Rumors of an impending clergy shortage have been circulating for years in the mainline church. The aging pastors who had put off retirement because the economy took a nosedive are finally choosing to head out to pasture, as most of that mess has rebounded.
But the more I look at the Christian landscape, and not just in the mainline, the more I see a different clergy exit looming and, yes, in process.
Largely from left field.
Many younger clergy are “giving it up for Lent,” as a colleague of mine once said, describing why he left the ministry after just five years.
Thousands of dollars in schooling and investment, while certainly not wasted, are not being used as originally intended.
The church really should take a hard look at why this is, and will continue, happening. And look at it with eyes wide open.
Many who are leaving the ministry are doing so because the churches that they are prepared to lead, and the Jesus they fell in love with, don’t live in the same place. They’re finding so many churches too occupied with propping up the past instead of embracing the future. They’re finding the Jesus of radical love and action to be hard-hearted and bound by fear.
They love the people in so many ways, but are having a hard time finding ways to let the people love themselves or others without spiraling into self-preservation and sniping.

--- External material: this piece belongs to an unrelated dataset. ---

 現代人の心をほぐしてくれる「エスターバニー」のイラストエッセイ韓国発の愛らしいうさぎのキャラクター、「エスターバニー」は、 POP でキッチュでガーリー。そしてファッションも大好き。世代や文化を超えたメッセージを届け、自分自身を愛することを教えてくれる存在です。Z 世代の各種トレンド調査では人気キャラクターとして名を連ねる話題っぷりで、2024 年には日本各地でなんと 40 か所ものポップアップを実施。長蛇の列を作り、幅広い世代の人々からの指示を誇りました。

The Jesus who said, “Those who lose their lives will gain it” seems to not have been talking about whole congregations, because they are not usually willing to lose their past to gain their future.
Some who are leaving the ministry are finding their particular faith doesn’t quite align with the faith in the pews. Too esoteric. Too mystical. Too interested in justice, and not what the pews consider “Bible-based” (which, ironically, is the charge leveled at Jesus by the Pharisees who continually wanted to know what authority [scripture or tradition back-up] he was using to say and do the things he did).

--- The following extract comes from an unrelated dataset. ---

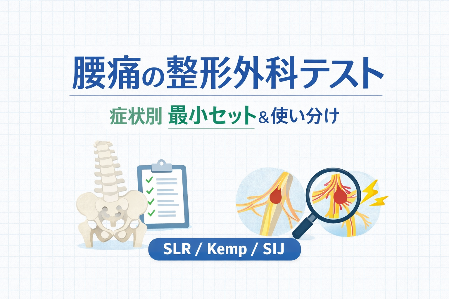 腰痛の整形外科テスト|症状別 “最小セット” と使い分け( SLR / Kemp / SIJ )

Some who are leaving the ministry are finding the debt crushing. Church attendance, and therefore giving, is at 1920’s levels. Full-time calls at wages that will put food on the table and pay for seminary debt are disappearing. Health insurance costs keep rising. The business sector promises stability that the church can’t offer anymore.
If the church wants a learned clergy, it’s going to have to figure out this conundrum.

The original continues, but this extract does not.